Work instruction: From the line with "Beat in the" to the line with "Louis Marx Co.", output every line below exactly, both ends included. Skip the pictures.

Records supplied:

○ ○ ○ ○ ○ ○ ○

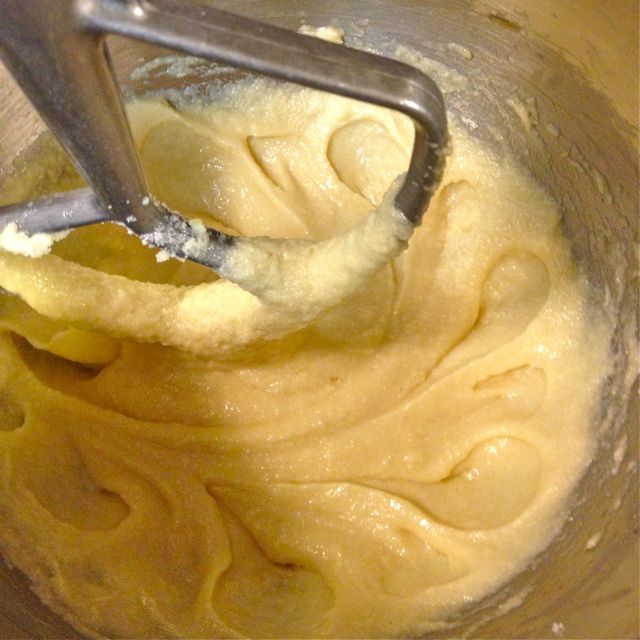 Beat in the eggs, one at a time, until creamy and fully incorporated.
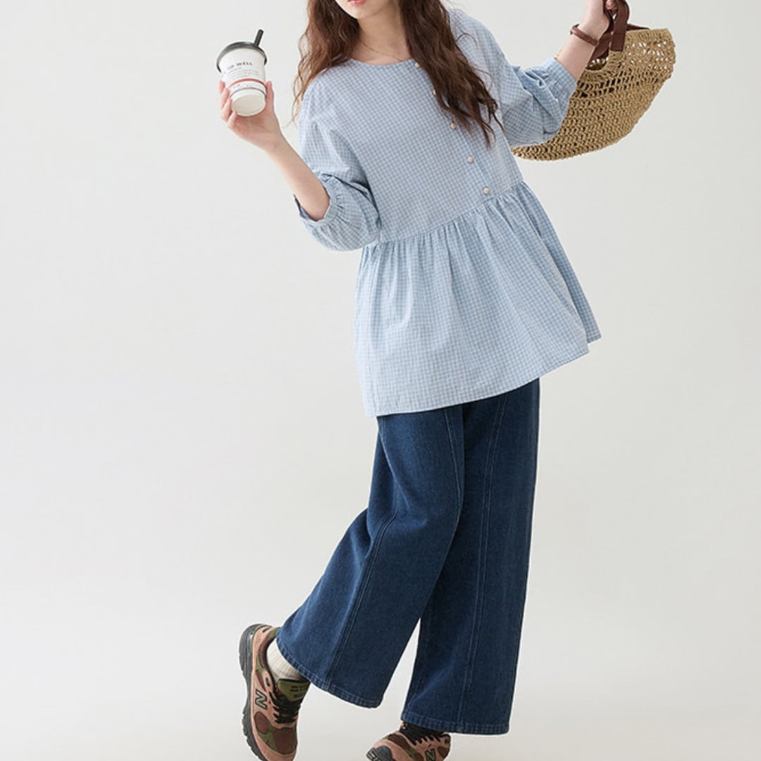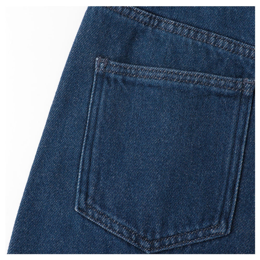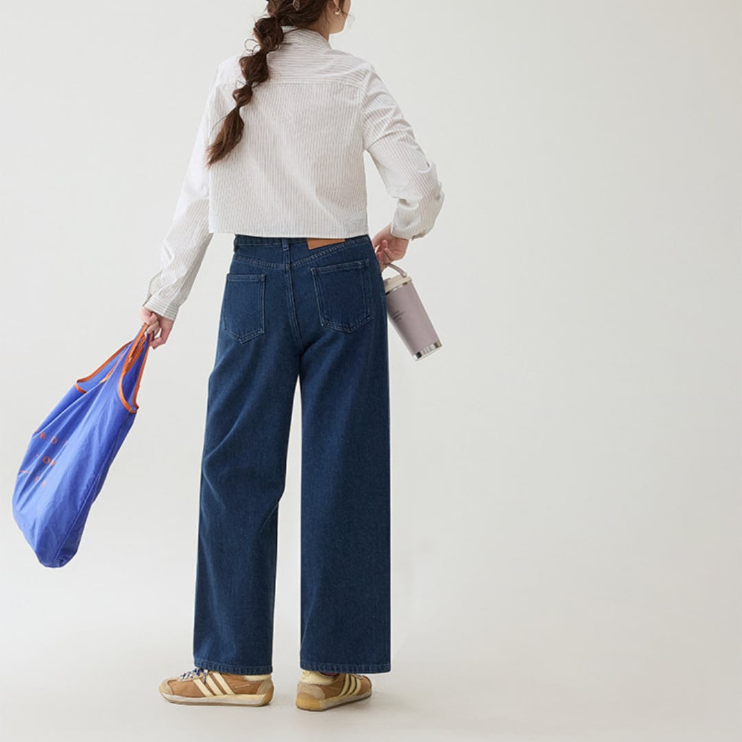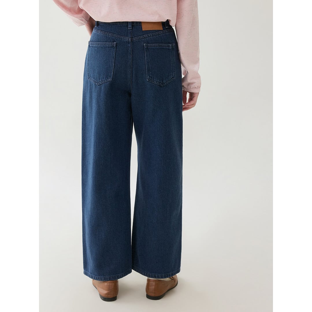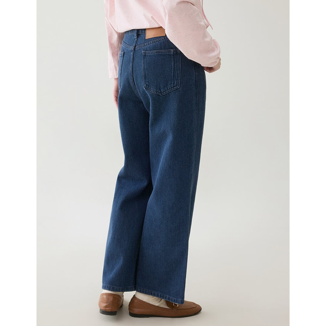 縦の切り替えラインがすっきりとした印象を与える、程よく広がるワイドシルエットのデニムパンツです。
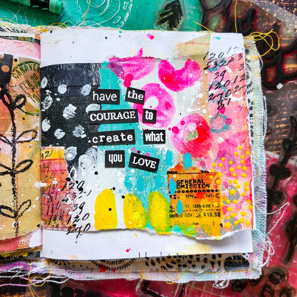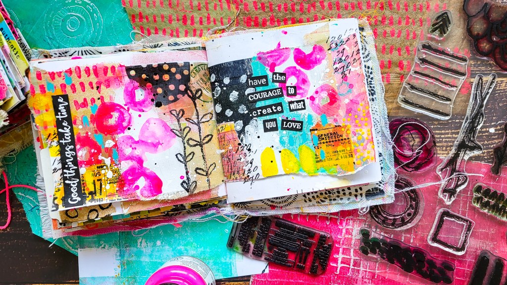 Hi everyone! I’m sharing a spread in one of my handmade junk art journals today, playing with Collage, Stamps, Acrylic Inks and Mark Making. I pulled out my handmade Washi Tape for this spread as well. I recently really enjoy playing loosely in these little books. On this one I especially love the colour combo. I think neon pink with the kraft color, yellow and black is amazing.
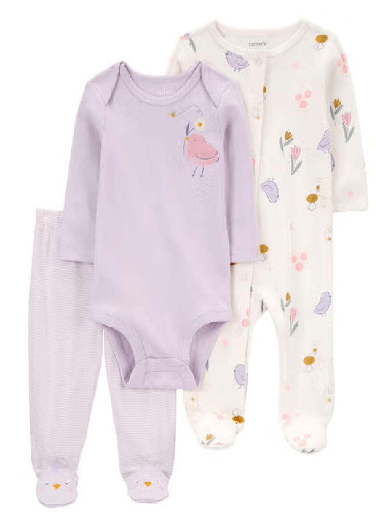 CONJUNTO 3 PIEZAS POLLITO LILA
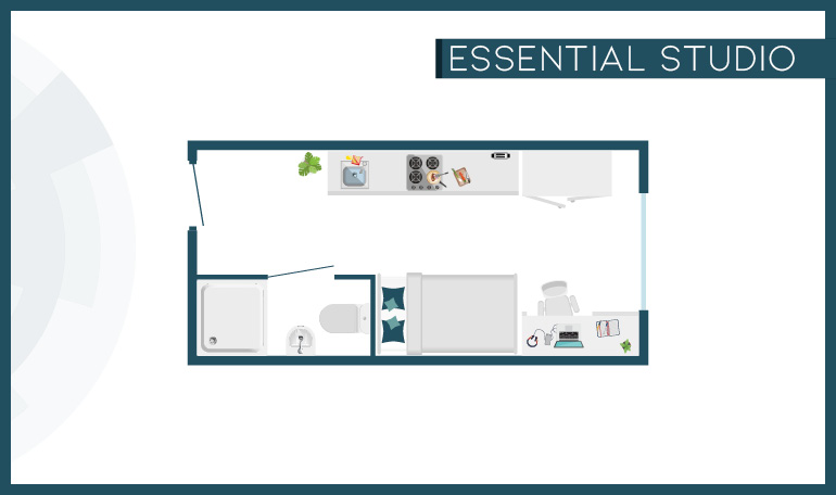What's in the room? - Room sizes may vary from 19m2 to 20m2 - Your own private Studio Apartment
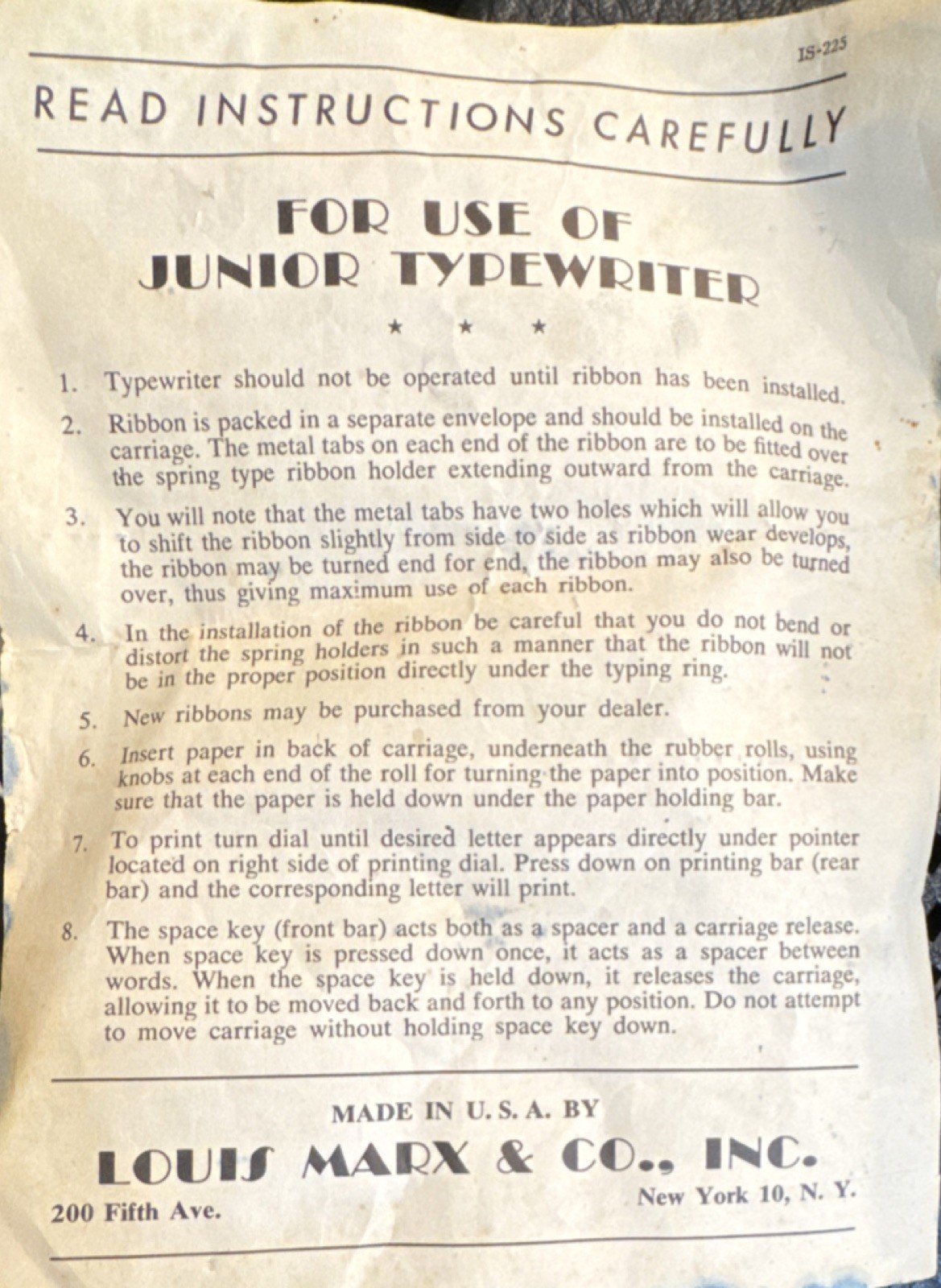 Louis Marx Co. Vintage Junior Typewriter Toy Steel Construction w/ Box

○ ○ ○ ○ ○ ○ ○

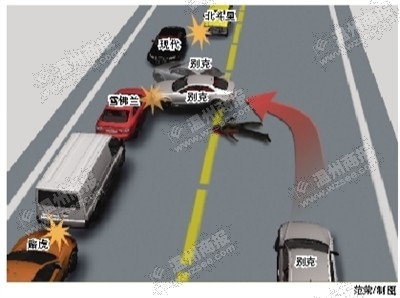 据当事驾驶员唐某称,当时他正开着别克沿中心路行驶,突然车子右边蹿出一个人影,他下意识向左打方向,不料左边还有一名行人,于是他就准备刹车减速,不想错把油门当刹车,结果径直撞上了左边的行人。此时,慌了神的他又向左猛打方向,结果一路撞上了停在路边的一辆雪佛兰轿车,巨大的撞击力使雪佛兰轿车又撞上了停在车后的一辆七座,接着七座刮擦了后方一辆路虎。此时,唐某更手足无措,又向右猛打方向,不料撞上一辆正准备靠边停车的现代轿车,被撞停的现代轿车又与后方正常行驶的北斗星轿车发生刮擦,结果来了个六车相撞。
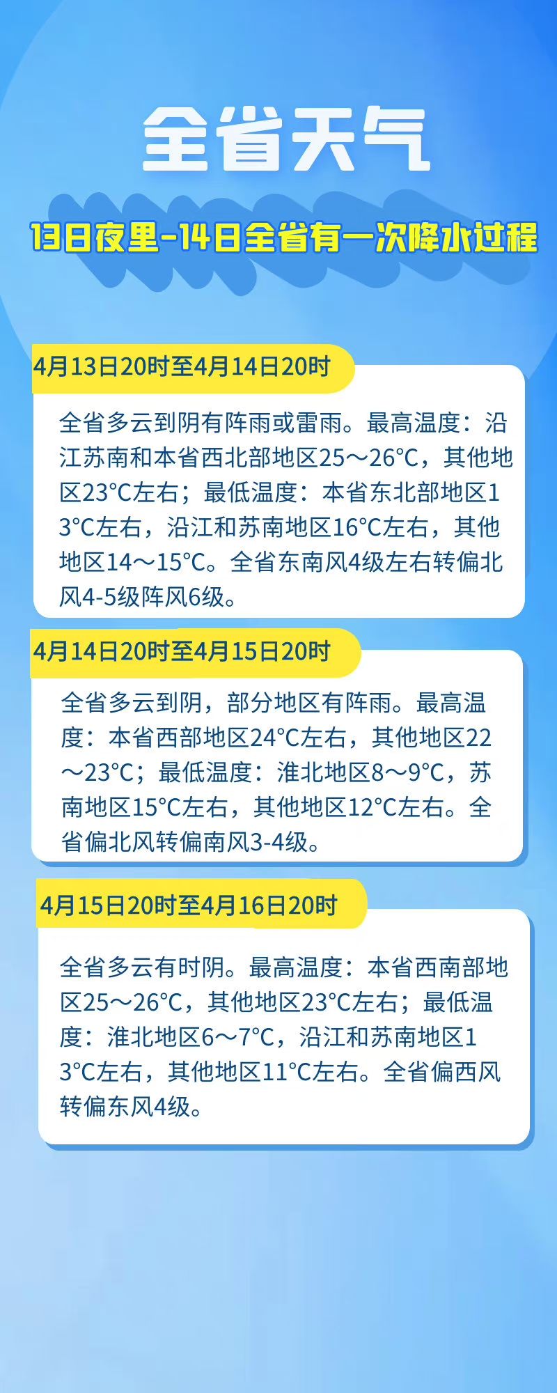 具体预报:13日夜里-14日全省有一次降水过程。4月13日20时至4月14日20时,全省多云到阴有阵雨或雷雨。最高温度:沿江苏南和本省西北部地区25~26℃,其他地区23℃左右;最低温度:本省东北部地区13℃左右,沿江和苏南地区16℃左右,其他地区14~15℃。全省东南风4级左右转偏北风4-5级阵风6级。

○ ○ ○ ○ ○ ○ ○

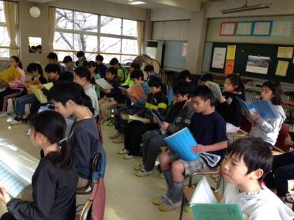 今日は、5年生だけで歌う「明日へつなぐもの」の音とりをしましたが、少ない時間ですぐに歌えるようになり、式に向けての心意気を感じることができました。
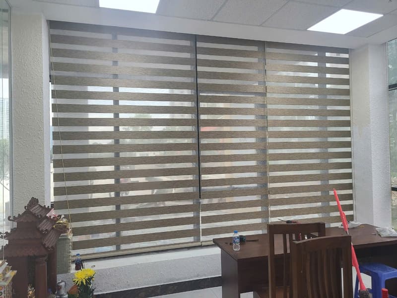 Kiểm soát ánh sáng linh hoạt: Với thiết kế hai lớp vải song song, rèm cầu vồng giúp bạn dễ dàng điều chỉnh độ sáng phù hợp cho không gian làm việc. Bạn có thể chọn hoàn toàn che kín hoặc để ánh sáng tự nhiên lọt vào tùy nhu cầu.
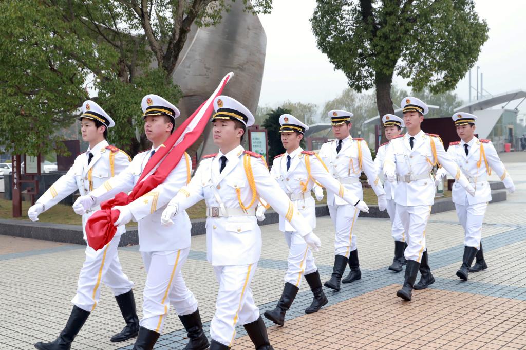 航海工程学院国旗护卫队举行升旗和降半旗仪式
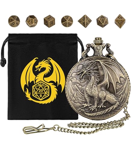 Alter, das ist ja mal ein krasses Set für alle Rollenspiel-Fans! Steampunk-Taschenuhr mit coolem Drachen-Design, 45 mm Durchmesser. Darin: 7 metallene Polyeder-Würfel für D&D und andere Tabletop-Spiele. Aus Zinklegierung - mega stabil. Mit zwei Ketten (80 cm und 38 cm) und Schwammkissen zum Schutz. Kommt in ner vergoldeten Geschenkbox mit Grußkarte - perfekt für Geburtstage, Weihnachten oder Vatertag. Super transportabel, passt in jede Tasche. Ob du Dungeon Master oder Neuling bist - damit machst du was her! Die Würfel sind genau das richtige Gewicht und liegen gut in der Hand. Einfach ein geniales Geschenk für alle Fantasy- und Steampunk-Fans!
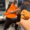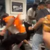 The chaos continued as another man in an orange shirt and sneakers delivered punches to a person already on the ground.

○ ○ ○ ○ ○ ○ ○

Worked solution:
 Beat in the eggs, one at a time, until creamy and fully incorporated.
 縦の切り替えラインがすっきりとした印象を与える、程よく広がるワイドシルエットのデニムパンツです。
 Hi everyone! I’m sharing a spread in one of my handmade junk art journals today, playing with Collage, Stamps, Acrylic Inks and Mark Making. I pulled out my handmade Washi Tape for this spread as well. I recently really enjoy playing loosely in these little books. On this one I especially love the colour combo. I think neon pink with the kraft color, yellow and black is amazing.
 CONJUNTO 3 PIEZAS POLLITO LILA
What's in the room? - Room sizes may vary from 19m2 to 20m2 - Your own private Studio Apartment
 Louis Marx Co. Vintage Junior Typewriter Toy Steel Construction w/ Box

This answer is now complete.